A few weeks ago Colin Hansen - a politician in the governing party in British Columbia (BC) - penned an op-ed in the Vancouver Sun entitled Unlocking our data to save lives. It's a paper both the current government and opposition should read, as it is filled with some very promising ideas.
In it, he notes that BC has one of the best collections of health data anywhere in the world and that, data mining these records could yield patterns - like longitudinal adverse affects when drugs are combined or the correlations between diseases - that could save billions as well as improve health care outcomes.
He recommends that the province find ways to share this data with researchers and academics in ways that ensure the privacy of individuals are preserved. While I agree with the idea, one thing we've learned in the last 5 years is that, as good as academics are, the wider public is often much better in identifying patterns in large data sets. So I think we should think bolder. Much, much bolder.
Two years ago California based Heritage Provider Network, a company that runs hospitals, launched a $3 Million predictive health contest that will reward the team who, in three years, creates the algorithm that best predicts how many days a patient will spend in a hospital in the next year. Heritage believes that armed with such an algorithm, they can create strategies to reach patients before emergencies occur and thus reduce the number of hospital stays. As they put it: "This will result in increasing the health of patients while decreasing the cost of care."
Of course, the algorithm that Heritage acquires through this contest will be proprietary. They will own it and I can choose who to share it with. But a similar contest run by BC (or say, the VA in the United States) could create a public asset. Why would we care if others made their healthcare system more efficient, as long as we got to as well. We could create a public good, as opposed to Heritage's private asset. More importantly, we need not offer a prize of $3 million dollars. Several contests with prizes of $10,000 would likely yield a number of exciting results. Thus for very little money with might help revolutionize BC, and possibly Canada's and even the world's healthcare systems. It is an exciting opportunity.
Of course, the big concern in all of this is privacy. The Globe and Mail featured an article in response to Hansen's oped (shockingly but unsurprisingly, it failed to link back to - why do newspaper behave that way?) that focused heavily on the privacy concerns but was pretty vague about the details. At no point was a specific concern by the privacy commissioner raised or cited. For example, the article could have talked about the real concern in this space, what is called de-anonymization. This is when an analyst can take records - like health records - that have been anonymized to protect individual's identity and use alternative sources to figure out who's records belong to who. In the cases where this occurs it is usually only only a handful of people whose records are identified, but even such limited de-anonymization is unacceptable.
As far as I can tell, no one has de-anonymized the Heritage Health Prize data. But we can take even more precautions. I recently connected with Rob James - a local epidemiologist who is excited about how opening up anonymized health care records could save lives and money. He shared with me an approach taking by the US census bureau which is even more radical than de-anonymization. As outlined in this (highly technical) research paper by Jennifer C. Huckett and Michael D. Larsen, the approach involves creating a parallel data set that has none of the features of the original but maintains all the relationships between the data points. Since it is the relationships, not the data, that is often important a great deal of research can take place with much lower risks. As Rob points out, there is a reasonably mature academic literature on these types of privacy protecting strategies.

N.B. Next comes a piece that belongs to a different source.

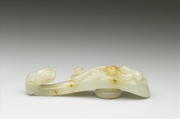 玉質,帶赭斑。鉤作龍首形,面琢浮雕回首蟠螭,身軀扭轉呈s形,動感十足,底有圓柱。
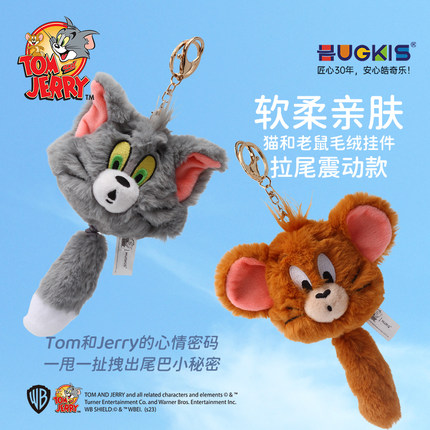 猫和老鼠新款趣味解压发泄毛绒玩具拉尾震动挂件书包挂饰玩偶公仔

The simple fact is, healthcare spending in Canada is on the rise. In many provinces it will eclipse 50% of all spending in the next few years. This path is unsustainable. Spending in the US is even worse. We need to get smarter and more efficient. Data mining is perhaps the most straightforward and accessible strategy at our disposal.
So the question is this: does BC want to be a leader in healthcare research and outcomes in an area the whole world is going to be interested in? The foundation - creating a high value data set - is already in place. The unknown is if can we foster a policy infrastructure and public mandate that allows us to think and act in big ways. It would be great if government officials, the privacy commissioner and some civil liberties representatives started to dialogue to find some common ground. The benefits to British Columbians - and potentially to a much wider population - could be enormous, both in money and, more importantly, lives, saved.